Our findings confirm that the RDC diagnosis of agitated bipolar I depression has significant prognostic and therapeutic implications (although, of course, extrapolations from group data to individual cases should always be made cautiously). Our patients with that diagnosis, compared to those with nonagitated depression, had a significantly longer time to recovery from the index episode, were more likely to receive standard antipsychotic drugs during the index episode, and spent a significantly higher proportion of time in an affective episode during the observation period. Treatment guidelines and algorithms for bipolar disorder have almost completely ignored this reality up until now.
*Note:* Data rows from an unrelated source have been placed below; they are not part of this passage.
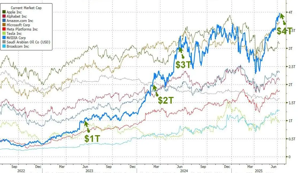 與此同時華爾街見聞曾提及,英偉達自身也正經歷里程碑式的時刻。周三英偉達市值一度站上4萬億美元大關,隨后周四正式成為全球首家市值突破4萬億美元的公司,超越了微軟和蘋果。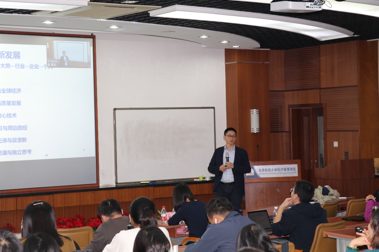 财务会计系寇明婷教授对本场讲座进行了总结发言,提出了我们作为北科大研究生,职业目标应该放在更远的位置上,要努力成为会计行业的高端人才。一是树立强基础,具有良好的职业道德,完整的知识结构,保持身体健康。二是实现软实力和硬实力兼并,掌握逻辑思维和分析能力,加强沟通和协调能力,努力成为能创造性解决问题的复合型人才。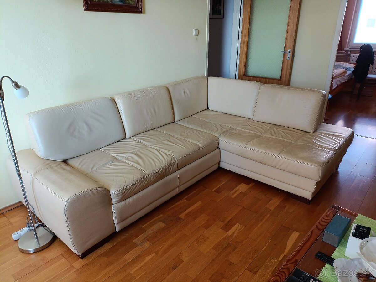 Darujem staršiu rohovú koženú sedačku za odvoz. Farba béžová. Rozmery 260 x 185 cm, rozťahovacie lôžko s úložným priestorom, mierne opotrebovaná, jedno epedo bolo prečalúnené, viď. foto. Odvoz možný po 15. Februári.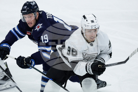 Winnipeg Jets' Jonathan Toews (19) and Los Angeles Kings' Andrei Kuzmenko (96) battle for position during the third period of an NHL game in Winnipeg, Manitoba, Saturday, Oct. 11, 2025. (John Woods/The Canadian Press via AP)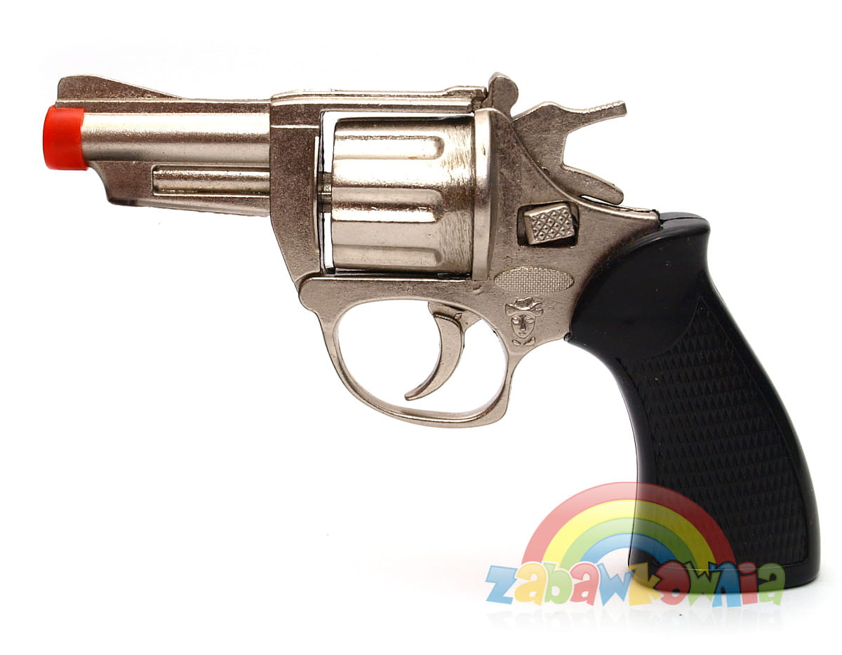 Prawdziwy rewolwer dla małego rewolwerowca. Ciężki, metalowy i błyszczący. Ale najważniejsze, że po naciśnięciu przycisku można załadować magazynek z kapiszonami i cieszyć się prawdziwymi wystrzałami. Budowa magazynku i iglicy zapobiega wydostawaniu się iskier i dymów w stronę strzelającego.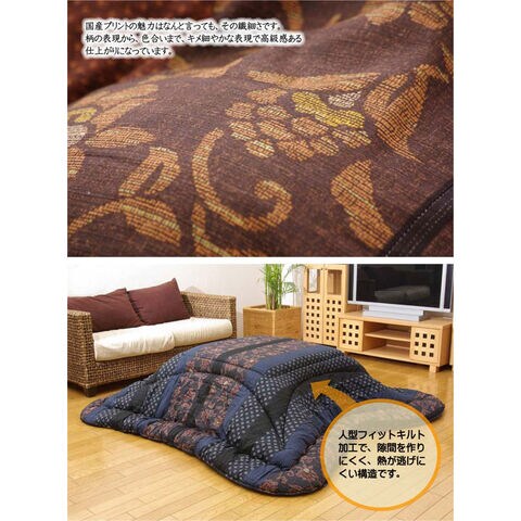 和モダン柄のこたつ布団です。熱が逃げにくいフィットキルト加工を施しています。生地に撥水加工を施しています。生地には肉厚で張りと光沢のある綿素材を使用しています。こちらの商品は国内でプリント、綿入れしています。日本製のプリントらしい上質な質感と繊細な文様をお楽しみ下さい。部分暖房のこたつは電気代もおトクです。

On the basis of our data, should mood stabilizers that are currently preferred for use in dysphoric mania, in particular valproate, also be considered for use in agitated bipolar depression? What is the comparative efficacy of lamotrigine, currently regarded as the most effective mood stabilizer in the depressive phase of bipolar disorder, in agitated versus nonagitated bipolar depression? These are questions open to research.

TABLE 1
TABLE 2
TABLE 3

Received Jan. 7, 2003; revision received May 13, 2003; accepted May 15, 2003. From the Department of Psychiatry, University of Naples, Naples, Italy. Address reprint requests to Dr. Maj, Clinica Psichiatrica, Primo Policlinico Universitario, Largo Madonna delle Grazie, I-80138 Napoli, Italy; (e-mail).

Figure 1.

Figure 1. Cumulative Probability of Remaining in the Index Episode for Bipolar I Patients With Agitated (N=61) Versus Nonagitated (N=61) Depressiona

aThe time to 50% probability of recovery from the index episode was 12 weeks (95% CI=10.1–13.9) in patients with agitated depression and 9 weeks (95% CI=7.7–10.3) in those with nonagitated depression (log rank=8.6, df=1, p<0.003).